Today's conversation went like this:

HER: "Good morning, Shannon!"

ME: (looking around for Shannon, seeing we were the only people in the locker room, and realizing that she has remembered my name as Shannon.)

ME: "Good morning…" (the last word was probably muffled by me trying to grab my bags and hi-tail it outta there before any more uncomfortableness ensued.

HER: "How about that rain? You going to work today, Shannon? You never dress in sneakers for work!"

So not only is she calling me by the wrong name, she's calling me out for dressing comfy on a rainy day?

ME: "Yep. Headed to work. Gotta go! See ya!"

So…was I supposed to correct her on my name? Now that I didn't, when it happens again, do I correct her then and have her wonder how long she's been calling me by the wrong name?"

Tuesday, April 29, 2014

Actual conversation with my grandmother.

My grandmother is a 93-year old sassy pants.

She has lived alone for 32 years, ever since my grandfather passed away. She's super social, and loves going out (she's just a few decades late for the Facebook craze).

I called her today to invite her over on Saturday.

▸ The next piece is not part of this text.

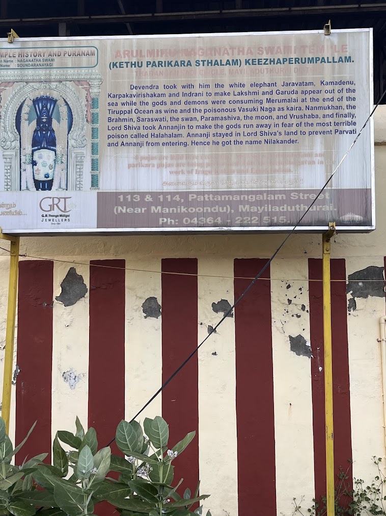 Legend has it that when the samudra manthan was on and Vasuki emitted poison and poisonous fumes all round, Shiva as Apathasahayeswarar, swallowed the poison at Alangudi, to save all living beings. Vasuki, ashamed of his mistake is said to have prayed to Shiva at Keezghaperumpallam and a pleased Shiva, as Naganathaswamy blessed him to stay here. Kethu has a separate shrine here and people with Kethu dosha visit here to perform special poojas.

ME: "Hi Gram! I was calling to see if you wanted to come over on Saturday to eat."

GRAM: "Oh? What's the occasion?"

ME: "It's the Kentucky Derby!" 
Mind you, I'm not sure my grandmother even knows what the Kentucky Derby is.

GRAM: "There's no other reason?"

Apparently Gram thinks we have an ulterior motive.

ME: "We're going to watch the Kentucky Derby and then eat. You know, the horse race?"

GRAM: "Oh. How long is it?"

What, does Gram have a date?

ME: "It's like two minutes."

GRAM: (laughs a little) "Really?"

ME: "No, seriously. It's two minutes long. Then it's over."

GRAM: "Okay then. I wouldn't come if it was a long drawn out thing..."

This is my 40.

Two weeks ago, I turned 40.

The big 4-0.
35 +5.
A new decade.

It didn't bother me at all. Which is probably because I love birthdays so much. (Well, I love MY birthday, not birthdays in general. Except maybe Rob's, since I make such a big deal about it. But my birthday? LOVE my birthday.)

So I was so pre-occupied with Birthday Spectacular Weekend (BSW for short), people's incredulous faces when I told them I was turning 40, and telling myself that I was still 29, that I didn't have time to even think about it.

Funny thing about age, though. While you may feel and possibly look younger than you truly are, your body is pretty damn accurate with its calculations.

And my body isn't quiet with its assessments.

So I listened to what my body was saying.

And this is my 40:

Reading glasses.

Because while I may be dressed like I'm 32, with 34-year-old-looking hair and a 38-year-old husband, when we're sitting in a restaurant, I'm trying to keep a shred of dignity holding a menu at arm's length like I'm 80.

(When did they start using such small and illegible fonts on menus?)

But I embraced my near-blindness and the idea of reading glasses because, hey, something new to shop for! I set off to find the lowest possible magnification for reading glasses (.75) without much luck. But I found those beauties above in +1.00 and I'm quite happy. In fact, this old lady doesn't look half bad in glasses.

Now, if I could only remember to use them, I'll be all set.

(But they don't fit well in my little going-out clutches, so...)

Thursday, April 24, 2014

is this thing on?


I've been saying for a million years that I wanted to write a novel.

And while this is by no means a novel, it's words on (electronic) paper, so I'm considering it a start.

What will you find here?

Oh, a smattering of things. Anything from pictures of Vito the Wonder Dog, to ridiculous antics from my (semi-crazy) life, to thoughts on how if people could stop being assholes this world just might be a better place.

But before we go further into this relationship, I feel you need to know a few things:

1. I can multi-task like no one's business 
(My husband marvels at how I can hold a conversation with him, be emailing and IMing at the same time, while there's a pot of soup on the stove and a load of laundry in the wash.)

2. Fries + blue cheese dressing = OMG 
(that is all)

3. Chances are, I am correcting your grammar/language/spelling
(sorry...occupational hazard)

4. I get hangry
(we can avoid this with #2 above)

5. I'm a morning person
(chipper at 5am, that's me!)

And now that the awkwardness of first post syndrome is over, we can really get down to business.